A mixed mating system (in plants), also known as “variable inbreeding”, is a characteristic of many hermaphroditic seed plants, where more than one means of mating is used. Mixed mating usually refers to the production of a mixture of self-fertilized (selfed) and outbred (outcrossed) seeds. Plant mating systems influence the distribution of genetic variation within and among populations, by affecting the propensity of individuals to self-fertilize or cross-fertilize (or reproduce asexually).  Mixed mating systems are generally characterized by the frequency of selfing vs. outcrossing, but may include the production of asexual seeds through agamospermy.  The trade offs for each strategy depend on ecological conditions, pollinator abundance and herbivory and parasite load. Mating systems are not permanent within species; they can vary with environmental factors, and through domestication when plants are bred for commercial agriculture.

== Occurrence ==
Although practiced by a minority of species, mixed mating systems are widespread.

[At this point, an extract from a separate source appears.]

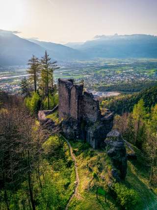 Die Burg Schalun, auch Wildschloss genannt, ist von Vaduz aus in rund einer Stunde auf einem stetig ansteigenden Fuhrweg im Wald zu erreichen. Entlang des Weges kommt man auch an der neuen Aussichtsplattform vorbei. Bei der Burg geniesst man eine herrliche Aussicht auf das Rheintal.

Examples of mixed mating systems in nature are found in jewelweeds, violets, morning glories, and bamboos, which are considered invasive in many regions. Mixed mating is common in many invasive species. Part of their ability to spread vigorously is sometimes attributed to changes in mating strategies, potentially caused by varying environmental factors, including pollinator service. Common commercial crops, including peanut plant, avocados, sorghum, and cotton, also exhibit mixed mating systems.

== Evolutionary models of mixed mating ==
Historically, Charles Darwin's experiments on selfing and out-crossing many plant species caused him to question any adaptive value of self-fertilization. Early evolutionary models assumed inbreeding depression did not change, which increased the likelihood of stable mixed mating.

Ronald Fisher (1941) presented the idea that selfing plants had a genetic transmission advantage over outcrossing plants because selfed offspring would inherit two copies of the seed parent's genome instead of just one. His models solidified the idea of automatic selection for increased selfing.

David Lloyd (1979) developed phenotypic models that showed that the conditions of automatic selection for selfing via pollinators was different from autonomous selfing, and predictive of stable mixed mating systems.

Lande & Schemske (1985) introduced the idea that inbreeding depression is not constant and evolves through purging of genetic load due to selection associated with selfing. They predicted that outcrossing as a mating strategy would resist increases in selfing frequencies due to inbreeding depression, but once inbreeding depression was reduced, selection due to the genetic transmission advantage would result in the production of only selfed seeds. Their model predicted that most plants would either be outcrossing or selfing. The observation of large numbers of species with mixed mating contradicted this idea, and motivated others to develop models to explain the prevalence of mixed mating systems including ideas such as selective interference and pollen discounting.

== Mechanisms maintaining mixed mating systems ==
Mass Action Model – Holsinger's “mass action” model assumes that the proportion of selfed and out-crossed seeds produced is a function of rates of pollen transfer among plants and plant density. This model predicts that mixed mating can be a stable strategy when plants receive mixtures of self and out-cross pollen.

Selective Interference –The genetic process of selective inference may prevent purging of genetic load and counterbalance the automatic selection of selfing.

Cryptic Self-Incompatibility – A mechanism of reproductive assurance, pollen competition favors out-cross pollen resulting in complete out-crossing when pollinators are abundant, but allows for self-fertilization when pollen is limited.

Delayed Selfing – A mechanism providing reproductive assurance at a lower cost than autonomous selfing, when the anthers or stigma change position as the flower ages, bringing them into close proximity and promoting self-pollination.

Reproductive Compensation – A result of more ovules than can mature into seeds, and the production of large numbers of seeds over the lifespan of a perennial plant, can contribute to the evolution of mixed mating systems. Rare selfed seedlings with higher fitness may decrease the fitness difference between selfed and out-crossed offspring.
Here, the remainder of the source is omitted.